Friday, August 18, 2017

Aspirational Power: Brazil on the Long Road to Global Influence. David R. Mares and Harold A. Trinkunas. The Brookings Institution Press. 2016.





Despite Washington’s rebuff, Brazilian diplomacy and the trilateral accord demonstrated that there was a road to reaching agreement with Tehran to curb the weaponisation of Iran’s uranium enrichment programme. This experience raises a critical question for Mares and Trinkunas, but one they do not answer: did Brazil’s non-proliferation diplomacy contribute to bringing about the necessary conditions for framing the Joint Comprehensive Plan of Action (JCPOA) negotiated by the P5+1 and Iran in 2015?

Aspirational Power does provide a well-argued appraisal of Brazil’s economic development diplomacy during recent decades. The authors describe the Brazilian government’s critical leadership related to the Declaration on the Agreement of Trade-Related Intellectual Property Rights (TRIPS) and Public Health in 2001 to confront the HIV/AIDs epidemic by pressuring multinational pharmaceutical firms with compulsory licensing to lower prices for treatment. Brazil partnered with South Africa, India and Thailand to make the case for patient rights under the TRIPS agreement. These collective diplomatic efforts eventually flipped the US position to adopt national security and public health-related exceptions to the TRIPS intellectual property protections.
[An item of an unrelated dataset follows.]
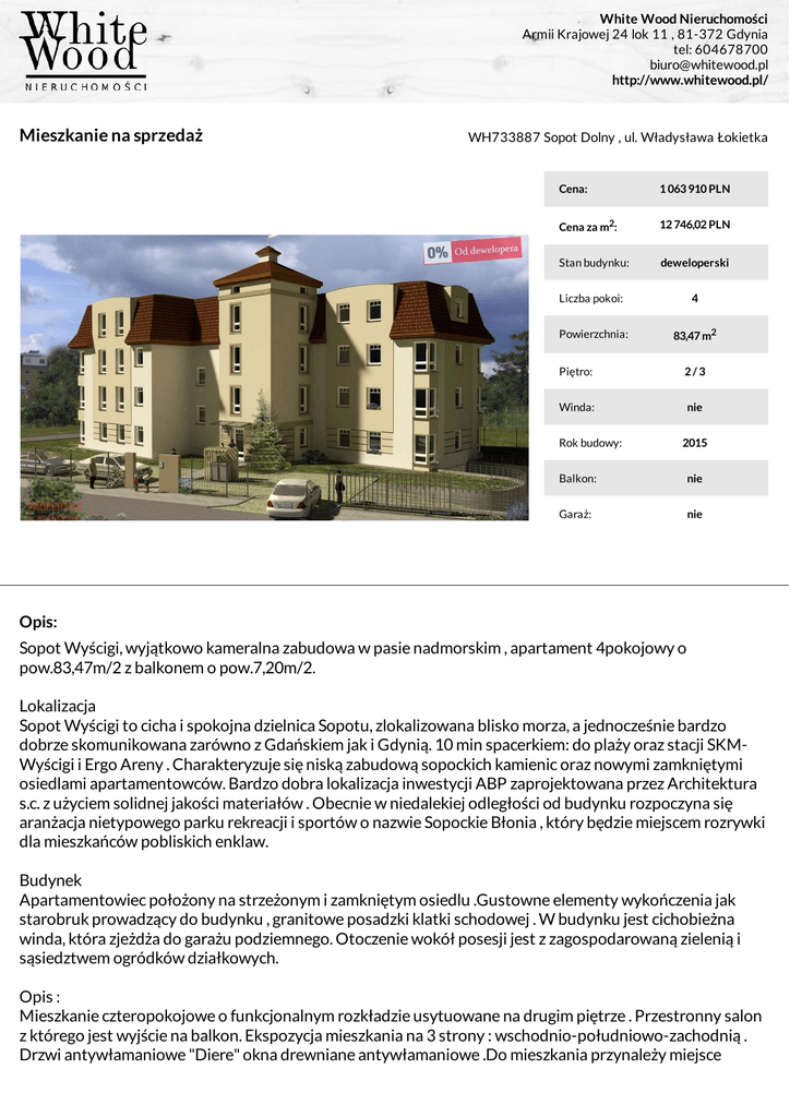 White Wood Nieruchomości Armii Krajowej 24 lok 11 , 81-372 Gdynia tel: 604678700 [email protected] http://www.whitewood.pl/ Mieszkanie na sprzedaż WH733887 Sopot Dolny , ul. Władysława Łokietka Cena: 1 063 910 PLN Cena za m2: 12 746,02 PLN Stan budynku: deweloperski Liczba pokoi: 4 Powierzchnia: 83,47 m2 Piętro: 2/3 Winda: nie Rok budowy: 2015 Balkon: nie Garaż: nie Opis: Sopot Wyścigi, wyjątkowo kameralna zabudowa w pasie nadmorskim , apartament 4pokojowy o pow.83,47m/2 z balkonem o pow.7,20m/2. Lokalizacja Sopot Wyścigi to cicha i spokojna dzielnica Sopotu, zlokalizowana blisko morza, a jednocześnie bardzo dobrze skomunikowana zarówno z Gdańskiem jak i Gdynią. 10 min spacerkiem: do plaży oraz stacji SKMWyścigi i Ergo Areny . Charakteryzuje się niską zabudową sopockich kamienic oraz nowymi zamkniętymi osiedlami apartamentowców. Bardzo dobra lokalizacja inwestycji ABP zaprojektowana przez Architektura s.c. z użyciem solidnej jakości materiałów . Obecnie w niedalekiej odległości od budynku rozpoczyna się aranżacja nietypowego parku rekreacji i sportów o nazwie Sopockie Błonia , który będzie miejscem rozrywki dla mieszkańców pobliskich enklaw. Budynek Apartamentowiec położony na strzeżonym i zamkniętym osiedlu .Gustowne elementy wykończenia jak starobruk prowadzący do budynku , granitowe posadzki klatki schodowej . W budynku jest cichobieżna winda, która zjeżdża do garażu podziemnego. Otoczenie wokół posesji jest z zagospodarowaną zielenią i sąsiedztwem ogródków działkowych. Opis : Mieszkanie czteropokojowe o funkcjonalnym rozkładzie usytuowane na drugim piętrze . Przestronny salon z którego jest wyjście na balkon. Ekspozycja mieszkania na 3 strony : wschodnio-południowo-zachodnią . Drzwi antywłamaniowe "Diere" okna drewniane antywłamaniowe .Do mieszkania przynależy miejsce White Wood Nieruchomości Armii Krajowej 24 lok 11 , 81-372 Gdynia tel: 604678700 [email protected] http://www.whitewood.pl/ parkingowe( 25000PLN) w garażu oraz komórka. Rozkład : - Salon - 25,65m/2 - Sypialnia1- 13,28m/2 -Sypialnia2-8,44m/2 -Sypialnia3- 6,90m/2 -Kuchnia- 6,70m/2 -Hol - 11,82m/2 -Łazienka- 6,70m/2 -WC-1,66m/2 -Garderoba- 1,57m/2 -Balkon-7,20m/2 Dorota Król +48-790-366-966 Dorota Król +48-790-366-966 White Wood Nieruchomości Dorota Król Armii Krajowej 24 lok 11 , 81-372 Gdynia +48-790-366-966 [email protected] http://www.whitewood.pl/

Yet, while the authors present this case as emblematic of the possibilities of Brazilian international trade diplomacy and soft power, they do not apply the same logic to an analysis of the ‘Cotton Dispute’ at the World Trade Organisation (WTO), which shattered the foundational myth underlying the US global leadership of trade liberalisation. Mares and Trinkunas explore Brazil’s strategies for creating a fair international trading system by establishing the Common Market of South America (Mercosul) and exercising leadership in the WTO, including electing its ambassador, Roberto Azevedo, as Director-General. Evaluation of these strategies requires analysis of Brazil’s struggle to lessen the world market distortions caused by US and European Union agricultural policies and programmes. Mares and Trinkunas examine Brazilian leadership of the G20 member-states at the WTO Cancun Ministerial negotiations in 2003, but they do not offer a synthesised interpretation anchored to the country’s pivotal role in the TRIPS negotiations over public health exceptions and the country’s decision to openly confront the EU’s sugar programme and the US cotton production subsidies and agricultural commodity export credit guarantees in the months leading up to the Cancun meeting. They highlight Brazil’s representation of both commodity exporting and subsistence agriculture member-states at the WTO, but do not weigh the extent to which Brazil’s trade diplomacy shaped the global political economy through its leadership at the WTO.

What Mares and Trinkunas do offer is an indispensable evaluation of Brazil’s rocky road to global influence. The authors effectively explain why Brazil has not yet consolidated a domestic economic and political foundation for gaining influence, paying the costs and creating the opportunities associated with a successful path toward global leadership. Their book provides a careful, even sympathetic, account of Brazil’s national faults and inability to consolidate a sustainable process of economic development under democracy to finance and inspire the national struggle to make the rules of the global order. The authors even offer up a menu of national policy options that Brazilian foreign policymakers and scholars should consider and debate (177-79).

Aspirational Power raises fundamental questions about the global order and Brazil’s place in it. It offers a comprehensive and comparable analytical framework for soft power that deserves expanded scholarly application and debate. Mares and Trinkunas may underestimate the analytical importance of the cases of the trilateral nuclear fuel exchange accord and the ‘Cotton Dispute’ at the WTO, but their book is a study of soft power in the global order that will likely become a central work of Brazilian foreign policy scholarship for decades to come.